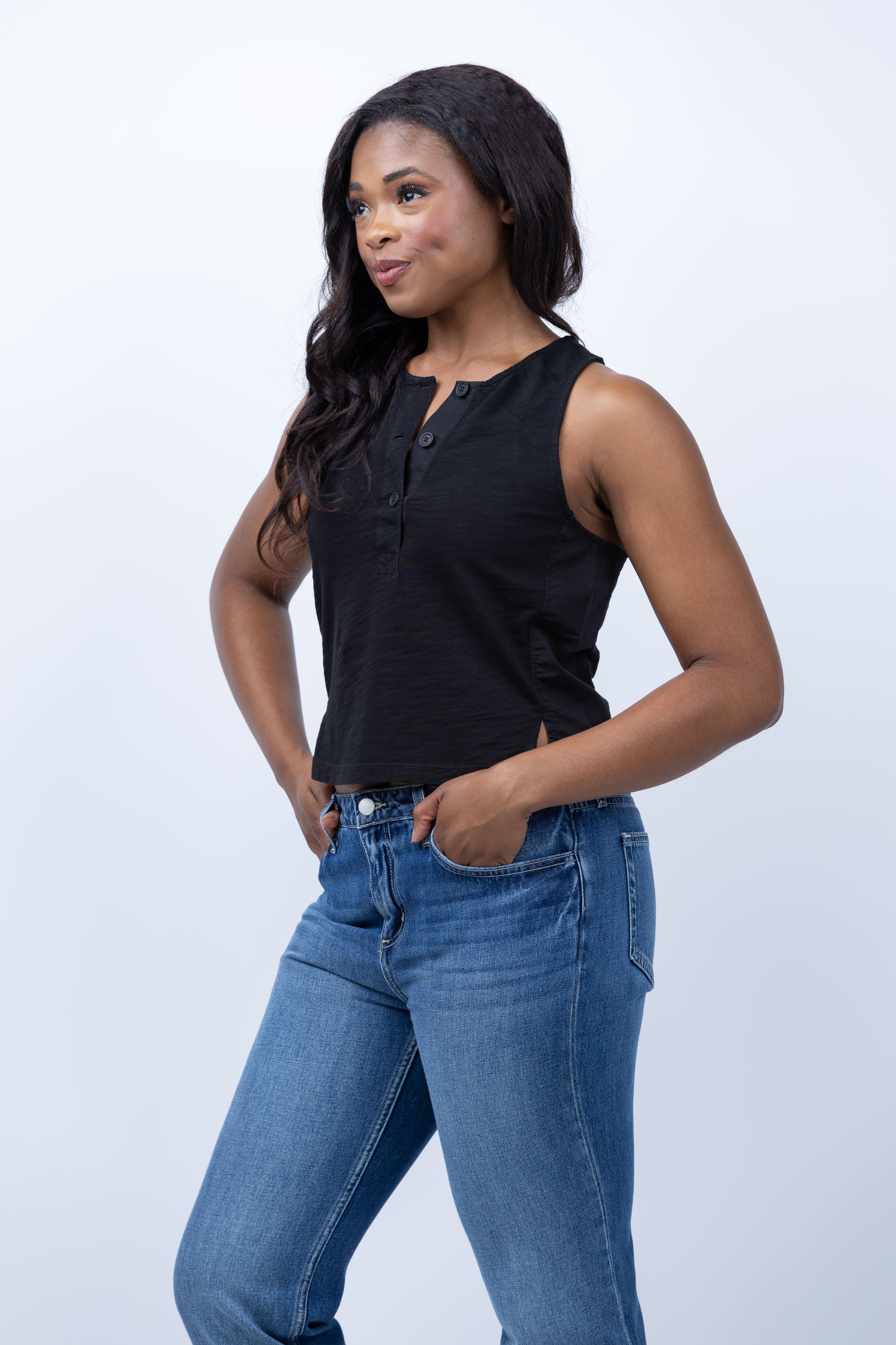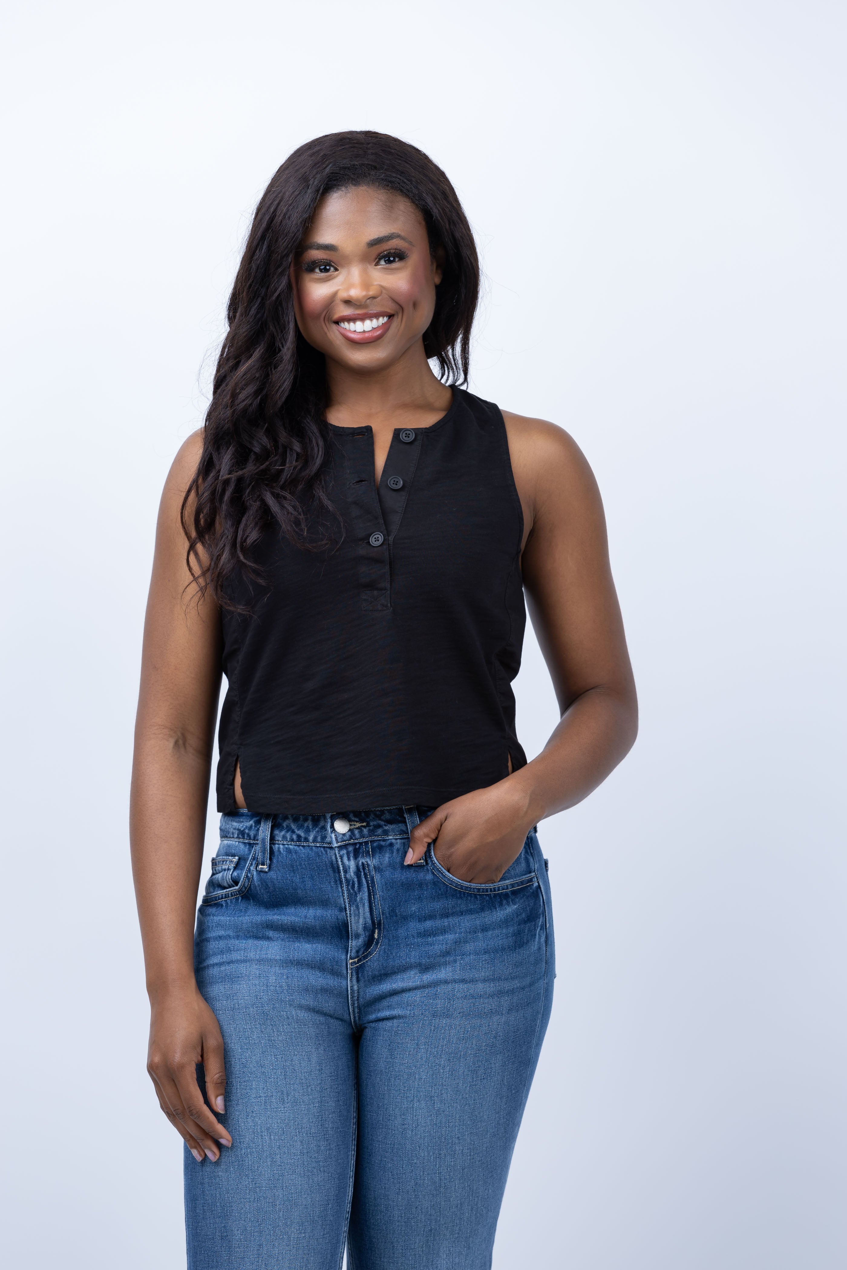 Elevate your classic tank game with NATION LTD's Bree Tank in Jet Black. Featuring contrast Poplin insets on the sides, a scoop neck with a button placket, and a perfect hip-hitting length. Keep it buttoned for a sleek look or leave it loose for effortless style.
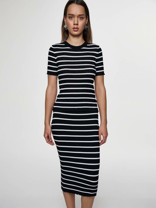 Юбка-midi в полоску в эластичном переплетении ластик LDK 2336Фактурное переплетение ластик со сменой полос, прилегающий силуэт и безупречная посадка по фигуре делают эту юбку особенной частью гардероба, которую вам захочется надевать как можно чаще. Модель изготовлена из тонкой шелковистой пряжи на основе вискозы. PREMIUM VISCOSE: вискоза премиального качества легкая, гладкая, с приятным матовым блеском. Вязаный трикотаж с вискозой приятно холодит, а небольшое количество полиэстра в составе помогает ей сохранять форму. Пряжа устойчива к разрывам, образованию катышек, усадке. · высокая посадка на талии· пояс с эластичной тесьмой· длина midi· прилегающий силуэт· гладкая и приятная к телу пряжа с вискозой· фактурное переплетение ластик со сменой полос· сохранение формы и цвета при соблюдении рекомендаций по уходу· лаконично, женственно и элегантно· создайте total-look, используя джемпер LDK 2335.
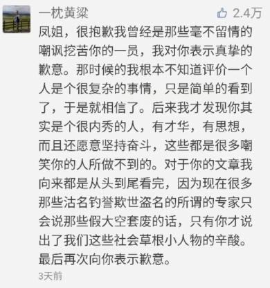 正如凤姐自己说的,她去美国是跟自己的命运抗争,她要拿到绿卡,证明自己也是和别人一样优秀。骂她的人们错了。文章一发出来很多人深深的感动了,人们突然发现自己错了错的很离谱。我们不何尝是一个底层人物,但是我们不敢于去和命运抗争,甚至怒骂像凤姐这样不甘于命运的人。在凤姐的这篇文章发出来之后。有一些网友在留言上对凤姐道歉并祝福。如下图
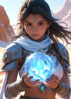 a beautiful girl standing. She uses the magic ring and turns into a beautiful ice magic \(ek_ges1ba\) warrior \(detailed exquisite face\),ek_game_3ffect,dynamic sexy pose,ice elemental effects,ice weapon, desert,sand,wind,oasis,sky,cloud, By studio ghibli,
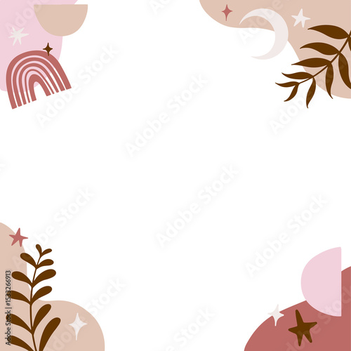 © vectorfusionart, Obraz premium Abstract frame showing pastel rainbow, moon, stars and leaves on transparent background, copy space

....................

Problem description = Retype the whole of the data verbatim. Skip every picture.

Worked solution =
 Elevate your classic tank game with NATION LTD's Bree Tank in Jet Black. Featuring contrast Poplin insets on the sides, a scoop neck with a button placket, and a perfect hip-hitting length. Keep it buttoned for a sleek look or leave it loose for effortless style.
 Юбка-midi в полоску в эластичном переплетении ластик LDK 2336Фактурное переплетение ластик со сменой полос, прилегающий силуэт и безупречная посадка по фигуре делают эту юбку особенной частью гардероба, которую вам захочется надевать как можно чаще. Модель изготовлена из тонкой шелковистой пряжи на основе вискозы. PREMIUM VISCOSE: вискоза премиального качества легкая, гладкая, с приятным матовым блеском. Вязаный трикотаж с вискозой приятно холодит, а небольшое количество полиэстра в составе помогает ей сохранять форму. Пряжа устойчива к разрывам, образованию катышек, усадке. · высокая посадка на талии· пояс с эластичной тесьмой· длина midi· прилегающий силуэт· гладкая и приятная к телу пряжа с вискозой· фактурное переплетение ластик со сменой полос· сохранение формы и цвета при соблюдении рекомендаций по уходу· лаконично, женственно и элегантно· создайте total-look, используя джемпер LDK 2335.
 正如凤姐自己说的,她去美国是跟自己的命运抗争,她要拿到绿卡,证明自己也是和别人一样优秀。骂她的人们错了。文章一发出来很多人深深的感动了,人们突然发现自己错了错的很离谱。我们不何尝是一个底层人物,但是我们不敢于去和命运抗争,甚至怒骂像凤姐这样不甘于命运的人。在凤姐的这篇文章发出来之后。有一些网友在留言上对凤姐道歉并祝福。如下图
 a beautiful girl standing. She uses the magic ring and turns into a beautiful ice magic \(ek_ges1ba\) warrior \(detailed exquisite face\),ek_game_3ffect,dynamic sexy pose,ice elemental effects,ice weapon, desert,sand,wind,oasis,sky,cloud, By studio ghibli,
 © vectorfusionart, Obraz premium Abstract frame showing pastel rainbow, moon, stars and leaves on transparent background, copy space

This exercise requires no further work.